Work request:
Excluding pictures, give the entries again exactly as they appear.

[Records drawn from a dataset]

━━━━━━━━━━━━━━━━━━━━━━━━━━━━━━

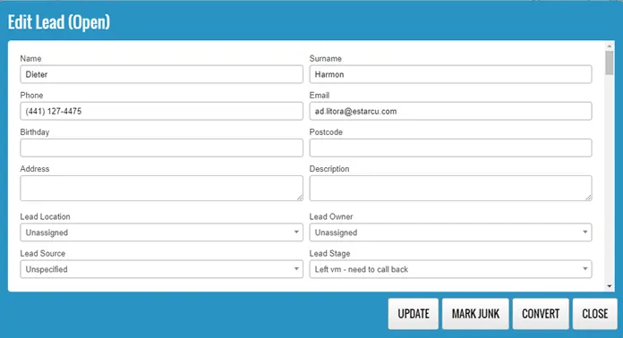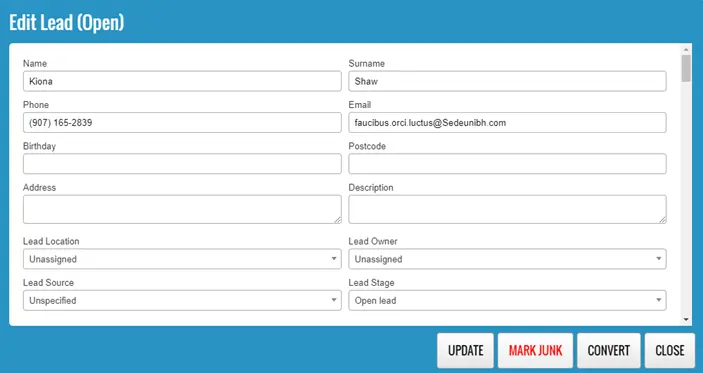 To mark a lead as a junk lead, open the lead from the leads table and click on the “MARK JUNK” button.
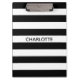 Porte-bloc Chic rayures noir et blanc nom personnalisé monogr
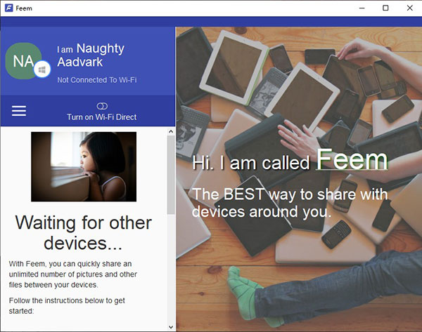 Feem 可以支持 Android、iOS、Windows、Windows Phone、macOS 甚至是 Linux,可以说是真正意义上的覆盖全平台了。 而且软件的设备之间没有从属关系,任何设备都能与其他设备「双向传输文件和文本」。
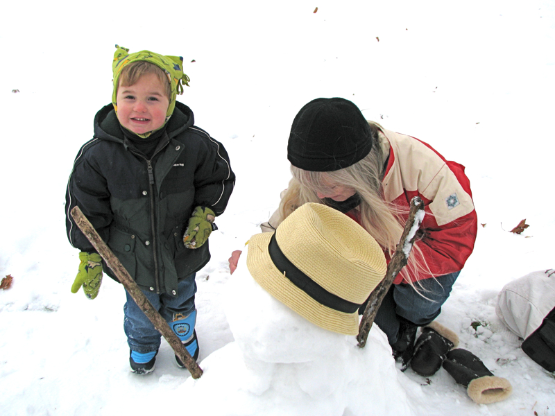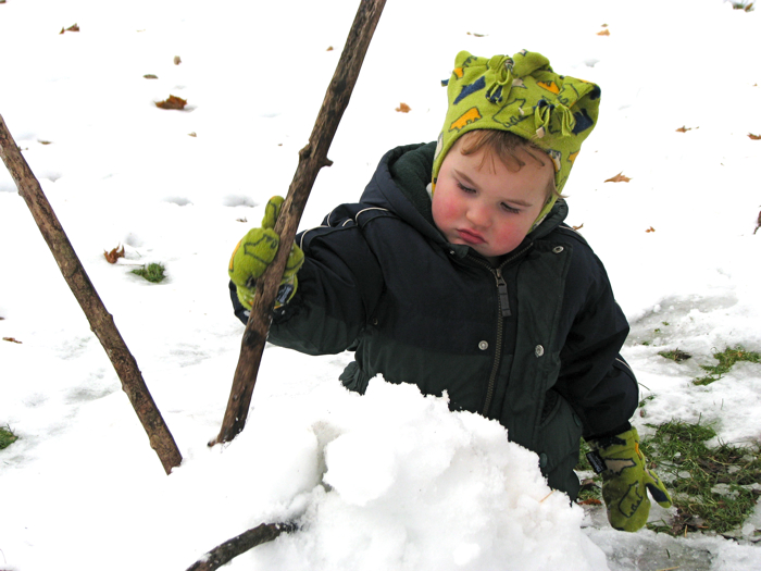 Finally, Devin proudly displaying his very first snowman:
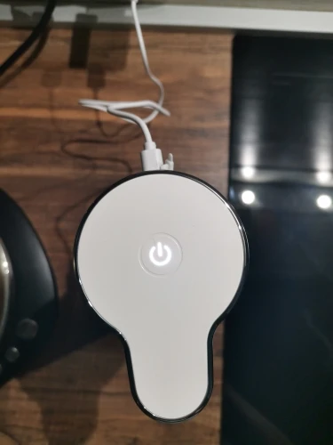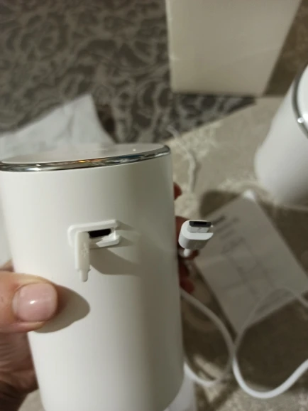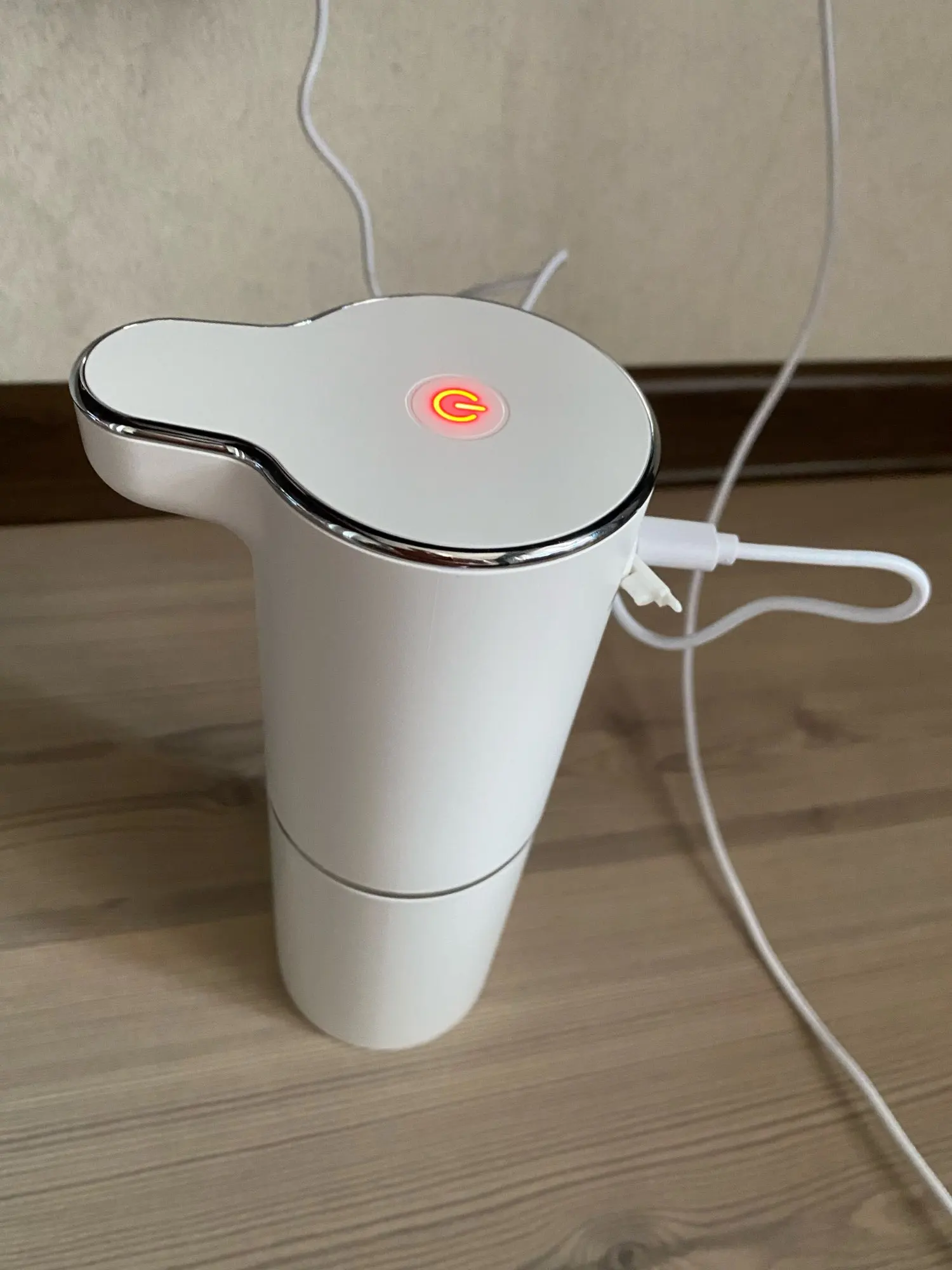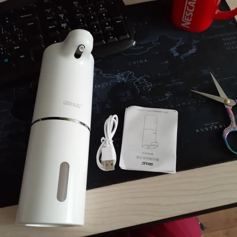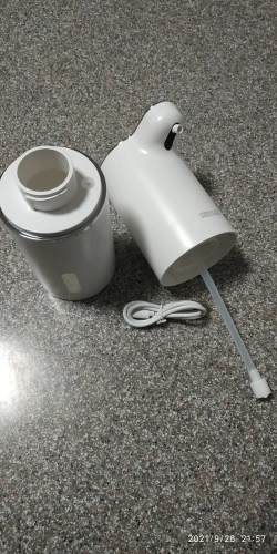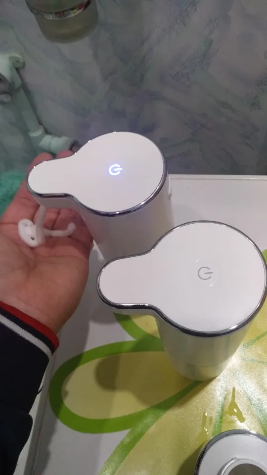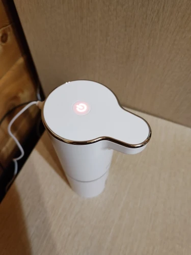 Очень понравился этот умный гаджет! В комплекте маленький USB - провод для зарядки. Мыло развела в пропорции 100 мл мыла + 200 мл воды - пена густая, ее много!
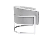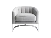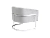 Это кресло в стиле ар-деко выглядит как изделие из стильной лаунж-зоны в роскошном отеле. Хромированный каркас и благородный цвет = серый [gray.jpg] цвет придают чистую элегантность бархатному креслу, а мягкие боковины и спинка по всей длине со стеганой декоративной строчкой обеспечивают максимальный комфорт при посадке. Каркас: хромированная нержавеющая сталь, обивка: 100 % полиэстер (бархатный вид), наполнитель: 33 кг/м3 пенополиуретан. Макс. допустимая нагрузка 150 г., высота сиденья 52 см.
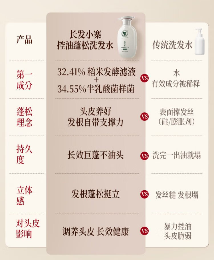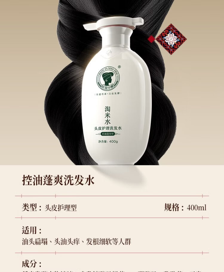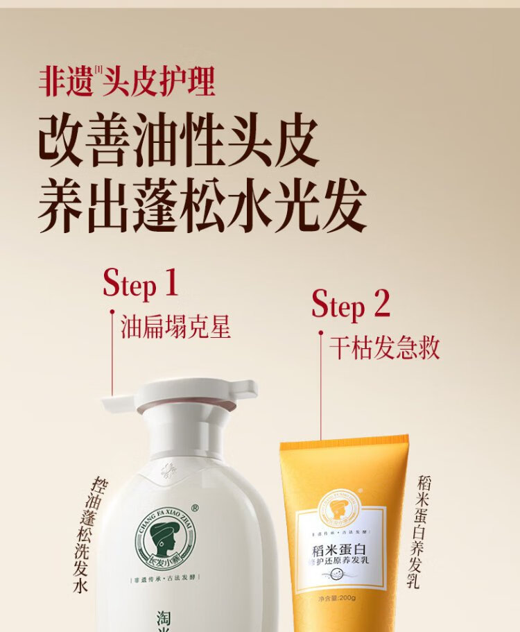 Changfa Xiaozhai Intangible Cultural Heritage Oil Control Fluffy Shampoo Rice Water Fluffy Shampoo Anti-dandruff Anti-itching Hair Care for Men and Women
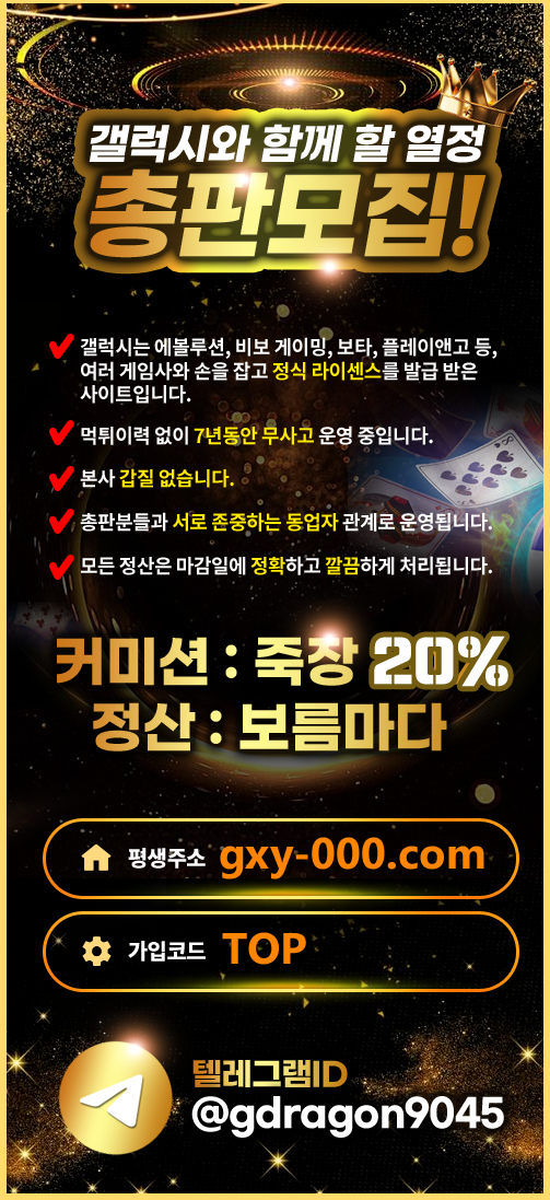 저희 갤럭시카지노와 좋은 분위기 속 소통하며 오랫동안 함께하실 파트너(총판)를 모집합니다.

━━━━━━━━━━━━━━━━━━━━━━━━━━━━━━

Response:
 To mark a lead as a junk lead, open the lead from the leads table and click on the “MARK JUNK” button.
 Porte-bloc Chic rayures noir et blanc nom personnalisé monogr
 Feem 可以支持 Android、iOS、Windows、Windows Phone、macOS 甚至是 Linux,可以说是真正意义上的覆盖全平台了。 而且软件的设备之间没有从属关系,任何设备都能与其他设备「双向传输文件和文本」。
 Finally, Devin proudly displaying his very first snowman:
 Очень понравился этот умный гаджет! В комплекте маленький USB - провод для зарядки. Мыло развела в пропорции 100 мл мыла + 200 мл воды - пена густая, ее много!
 Это кресло в стиле ар-деко выглядит как изделие из стильной лаунж-зоны в роскошном отеле. Хромированный каркас и благородный цвет = серый [gray.jpg] цвет придают чистую элегантность бархатному креслу, а мягкие боковины и спинка по всей длине со стеганой декоративной строчкой обеспечивают максимальный комфорт при посадке. Каркас: хромированная нержавеющая сталь, обивка: 100 % полиэстер (бархатный вид), наполнитель: 33 кг/м3 пенополиуретан. Макс. допустимая нагрузка 150 г., высота сиденья 52 см.
 Changfa Xiaozhai Intangible Cultural Heritage Oil Control Fluffy Shampoo Rice Water Fluffy Shampoo Anti-dandruff Anti-itching Hair Care for Men and Women
 저희 갤럭시카지노와 좋은 분위기 속 소통하며 오랫동안 함께하실 파트너(총판)를 모집합니다.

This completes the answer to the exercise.